IBM BPM, V8.0.1, All platforms > Authoring services in Integration Designer > Services and service-related functions > Access external services with adapters > Configure and using adapters > IBM WebSphere Adapters > JDBC > Overview of IBM WebSphere Adapter for JDBC > Technical overview

Business faults

The adapter supports business faults, which are exceptions that are anticipated and declared in the outbound service description, or import. Business faults occur at predictable points in a business process, and are caused by a business rule violation or a constraint violation.
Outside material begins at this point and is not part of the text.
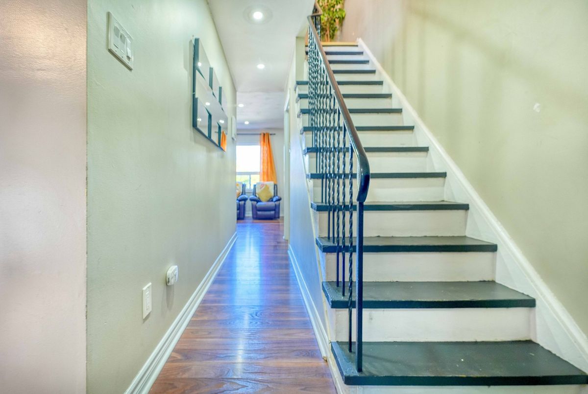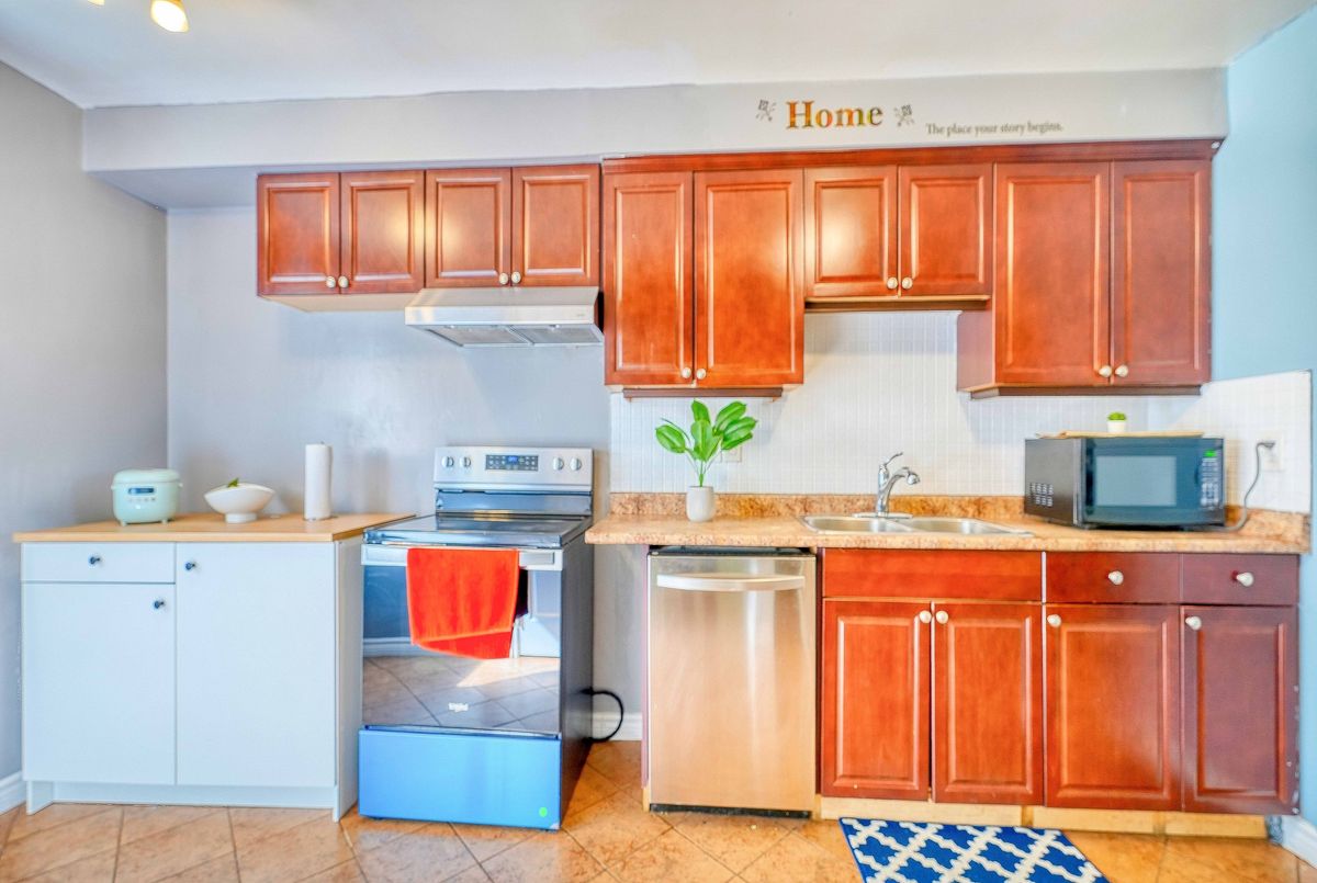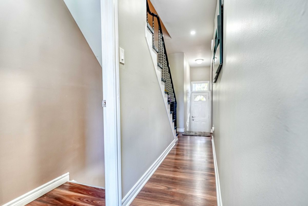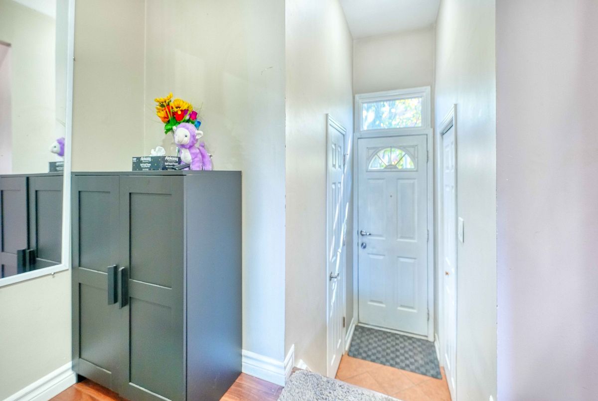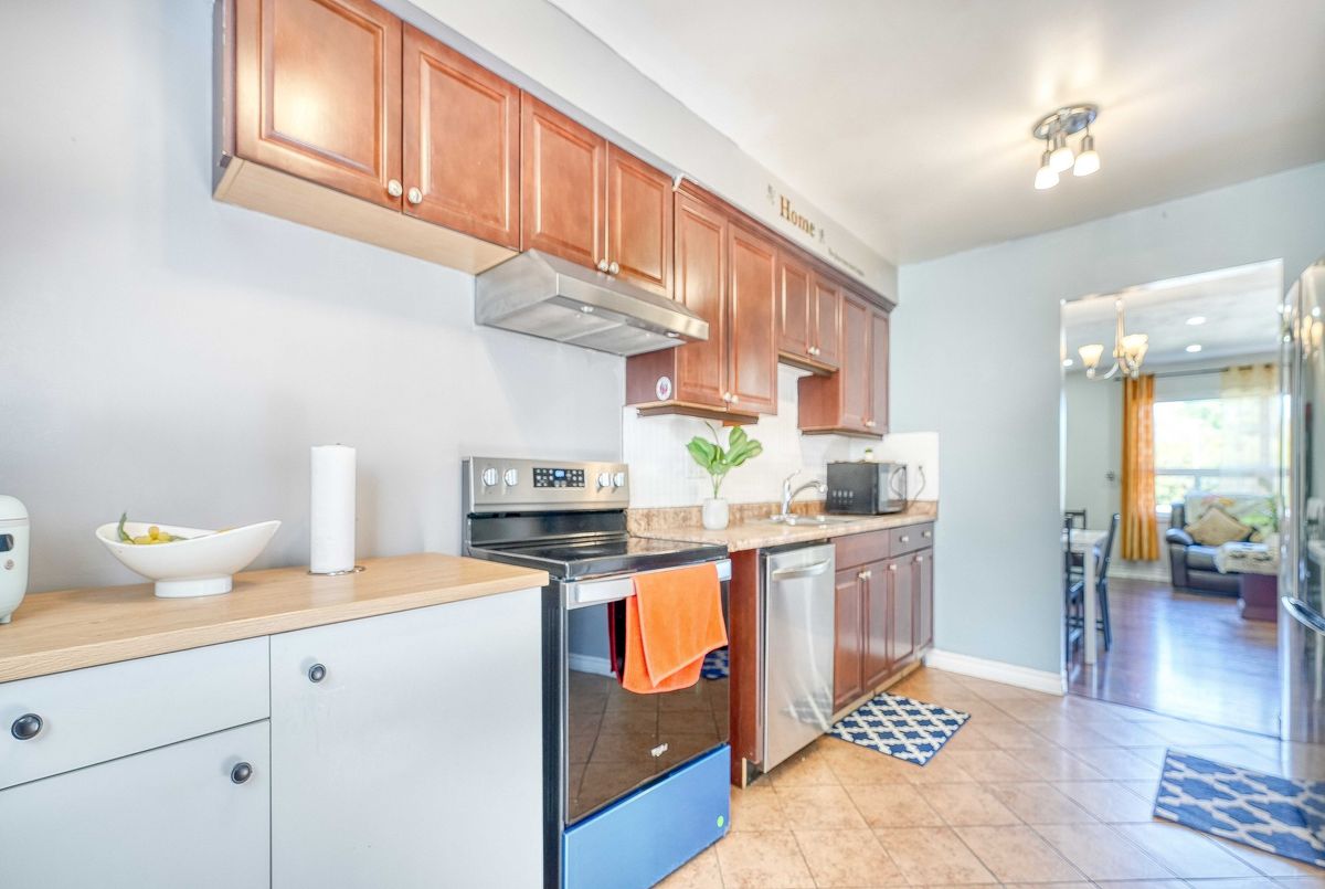 Welcome to this bright, spacious townhome in one of Pickering's most sought-after neighborhoods. Featuring carpet-free laminate flooring throughout, it offers a clean, modern aesthetic. The large eat-in kitchen and sun-filled L-shaped living/dining area create an inviting space for everyday living. Upstairs, the primary bedroom boasts his-and-hers wall-to-wall closets, while the walk-out basement adds extra living space and abundant storage.The garage is equipped with EV charging.

Although IBM Integration Designer and WebSphere Enterprise Service Bus support other types of faults, the adapter returns only business faults, which are called simply faults in this documentation. Not all errors become faults. Faults are generated for errors that are actionable, that is, errors that can have a recovery action that does not require the termination of the application. The adapter returns a fault when it receives a business object for outbound processing that does not contain the required data or when the adapter encounters certain errors during outbound processing. Use the information in this topic to create fault handlers in IBM BPM or WebSphere Enterprise Service Bus.


Fault business objects

The external service wizard creates a business object for each fault that the adapter can generate. In addition, the wizard creates a WBIFault superset business object, which has information common to all faults, such as the message, errorCode, and primaryKeySet attributes as shown in Figure 1.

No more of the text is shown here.